The tests for parametric stability of the gene subnetwork controlling Arabidopsis flower morphogenesis showed that there are such sets of kinetic parameters that with one and the same behaviour at the qualitative level the system can show much difference in its quantitative characteristics (2-10-fold distinctions at the level of molecular components concentrations); under identical initial data the system is stable at transitions to stationary states; all four stationary functioning regimes are realized in the system provided that thresholds could be achieved.

The comparison of the experimental results for all three real gene expression control systems under consideration makes it possible to draw the following conclusions for gene networks controlling prokaryotic and eukaryotic ontogenetic processes:

gene networks that control the development of organisms are of high parametric stability;
DNA sites specific for binding to regulatory proteins allow synonymous substitutions with respect to ontogenetic processes;
neutralization of mutation phenotypical manifestations is possible particularly owing to high organization of the structure in the control cell gene network.

Control gene networks as subnetworks of a single intracellular network contain tens and hundreds of genes, and the whole genomes of eukaryotic organisms consist of some thousands and tens of thousands of genes [Rubin et al., 2000]. Consequently, for special mathematical methods aimed at the investigation of real gene networks one of the efficiency criteria, together with an adequacy for the objects of inquiry, is the possibility to model the dynamics of large systems on their basis.

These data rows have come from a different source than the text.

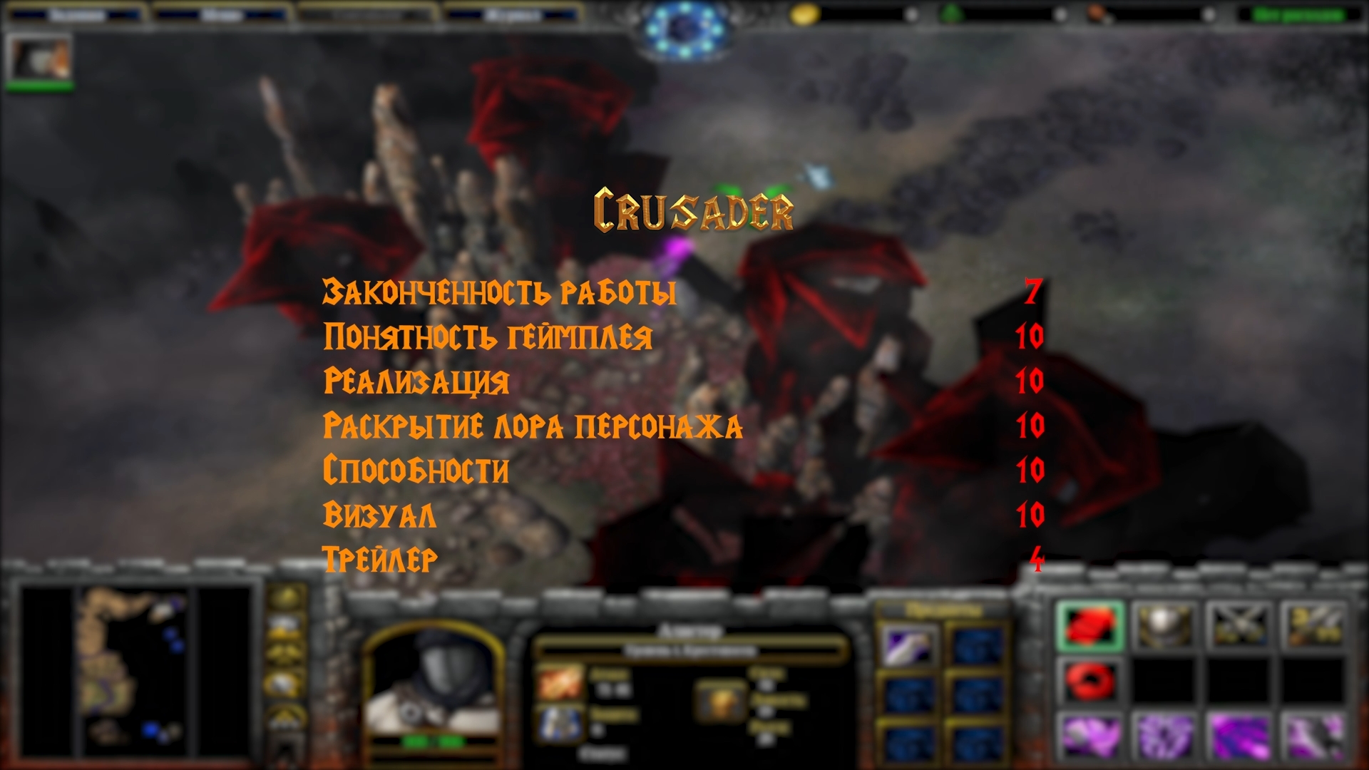 По традиции благодарю авторов, господ Dragonlor и rsfghd . Весьма интересная и необычная карта, пропитанная духом темного фэнтези. Буду с нетерпением ждать когда финальная версия Крестоносца увидит мир, а с ним и прольет свет! Всем приятного просмотра!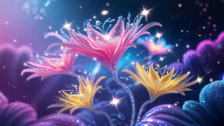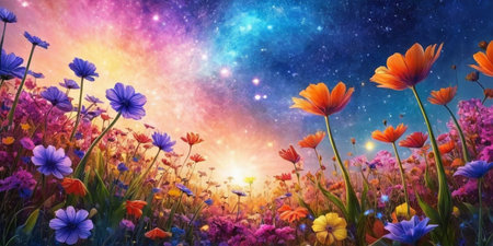Vibrant flowers glow under a shimmering celestial sky in a magical landscape at dawn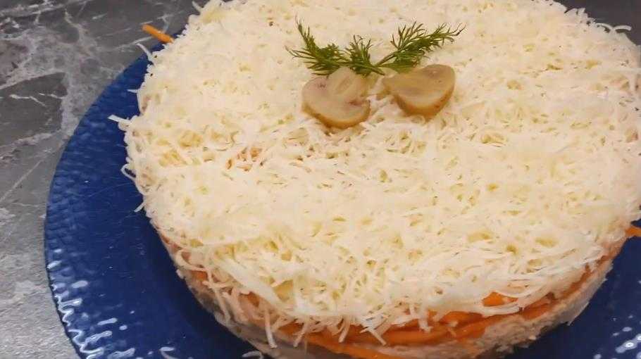 Салат Мужские слезы с курицей, грибами и корейской морковью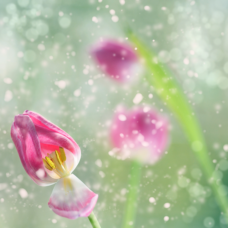 Dubbelzinnigheid Fotografie Lifeware Tulpen Bloemen Natuur Lente Voorjaar Winter Sneeuw Bokeh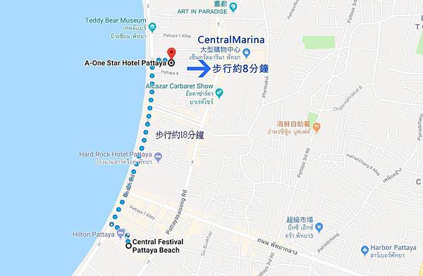 從A-One Star Hotel走到Central Marina百貨大約8分鐘。相關文章:芭達雅CentralPlaza Marina Pattaya百貨與BIG C超市~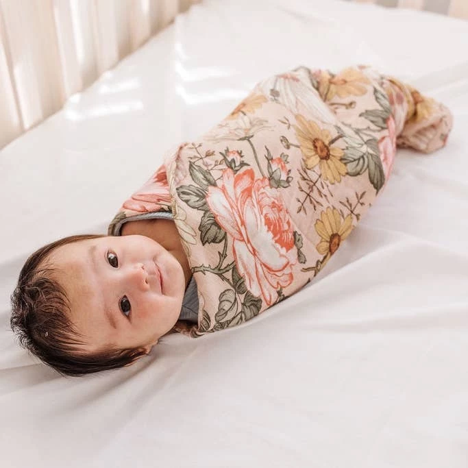Swaddle your little girl in the comfort of wildflowers with this garden floral cotton muslin blanket. These lightweight cotton blankets feature an earthy blend of greens, yellows, pinks, and cream hues to hint at a fragrant garden bursting into life during a warm spring day. Ideal for spring newborn photo shoots, or any time you want to treat your baby girl to a bouquet in fabric form, you will love holding her as she luxuriates in the comfort of a perfectly placed swaddle.

When solving such problems the main limiting factor is the restriction on the amount of required computational resources. Mathematical and program aids used by us - the method of generalized threshold models as an investigative procedure and the accompanying program software "Analyzer of the Gene Network Dynamics" - meet the desired requirements satisfactorily enough.

Acknowledgements

We thank N. A. Kolchanov, V. A. Likhoshvay, I. I. Titov and J. Reinitz for critical discussion of the data given in the paper reviews. We also thank A. P. Maslova for her valuable assistance.